The GM1's touch screen goes a long way to make up for a relatively low number of external controls, and thankfully it's responsive and fluid. It rarely got in the way, and even with two tabs that separate on-screen menus positioned close together, 'misfires' are rare.
Panasonic DMW-HGR1 grip accessory
We've got mixed feelings about the grip accessory. It attaches to the camera via the tripod mount with a plate the covers the entire bottom panel of the camera. This means when it's in place, the grip blocks access to the battery, memory card or tripod mount (the grip itself has no tripod socket). The ability to transfer images via Wi-Fi mitigates some of the need to access the memory card, but it requires removal often enough to become an annoyance.
And there's the grip itself. There are differing opinions of it among our staff, ranging from all-out hatred to mild acceptance. To me, it feels too far to the side and requires a somewhat cramped grip in my hand. If it was just a bit farther toward the lens, or better yet, adjustable, I'd have had a more positive experience with it.
One of its primary attractions, as told to us by Panasonic reps, is that it adds a few more millimeters to the camera body's height, giving it a better fit with Micro Four Thirds lenses that aren't the 12-32mm kit zoom. Considering that there's just one lens specifically designed to fit this camera at present, it seems that the camera could have been just a bit taller to begin with.
In the end, I shot the GM1 with the grip when I had the 20mm F1.7 II pancake attached. As long as I'm not shooting one-handed, the slightly awkward grip position doesn't bother me, and I like the better fit with the diameter of the 20mm. It doesn't feel essential, however. Lenses with larger diameters will fit slightly awkwardly on the GM1 body when it's resting on a tabletop, but most times my camera is on a strap at my side or in my bag, not on a tabletop. The leather-like finish of the GM1's body is also grippy enough, so it's comfortable to use without the accessory anyway.

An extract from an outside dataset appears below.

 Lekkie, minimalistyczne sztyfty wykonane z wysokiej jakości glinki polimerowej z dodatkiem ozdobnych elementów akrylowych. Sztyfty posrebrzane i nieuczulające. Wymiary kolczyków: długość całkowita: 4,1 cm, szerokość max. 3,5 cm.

Bottom line, the grip is by no means a 'must-have' for GM1 shooters who plan to use non-kit lenses.
It's likely that anyone who's too put off by cameras with small controls won't be considering the GM1. If that's you, then this is likely not the right camera for you, but you probably knew that. All others may still be worried that even for a small camera the interface would be too finicky. We'll get to that in a minute, but first, the airing of some grievances.

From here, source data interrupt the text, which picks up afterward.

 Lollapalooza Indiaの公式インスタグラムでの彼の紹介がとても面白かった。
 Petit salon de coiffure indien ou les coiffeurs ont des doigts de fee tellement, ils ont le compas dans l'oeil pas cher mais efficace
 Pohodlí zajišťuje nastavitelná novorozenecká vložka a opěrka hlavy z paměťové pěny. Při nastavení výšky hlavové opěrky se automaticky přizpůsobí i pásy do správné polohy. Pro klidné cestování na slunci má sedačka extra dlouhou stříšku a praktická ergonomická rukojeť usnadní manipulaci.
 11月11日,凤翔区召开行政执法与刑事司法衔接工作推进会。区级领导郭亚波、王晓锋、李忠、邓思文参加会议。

We have only a couple of complaints about the camera's control interface, and one is the focus mode dial on the top panel. With only three options it's already limited in its usefulness, but taking into account that certain lenses can't use AF-C (and we wouldn't have high expectations of its performance in a camera of this class) it essentially becomes a two-position switch between AF and MF. We can't help but think that something else would be more useful here, like an exposure compensation dial or even something customizable. It's obviously small and that may limit its applications, but we simply didn't find it very useful - which is a problem on a camera with so few controls.
The small rear control dial was also frustrating to use (they usually are). A few times I found myself mashing one of the buttons as I turned the dial, suddenly adjusting white balance when I meant to be changing the aperture. This wasn't a frequent problem, but when it occurred, I found myself wishing for a proper command dial for such tasks. This sort of controller is tolerable on a point-and-shoot, where there's little expectation that anyone will use it but, again, a camera as potentially capable as this one deserves a few better thought-out control points.
That said, I didn't have any major problems using the camera over the course of this review. I gathered opinions around the office on using the camera to get a broader sampling of hand sizes, and though we all agreed it certainly felt like a smaller camera, it wasn't difficult for anyone to use.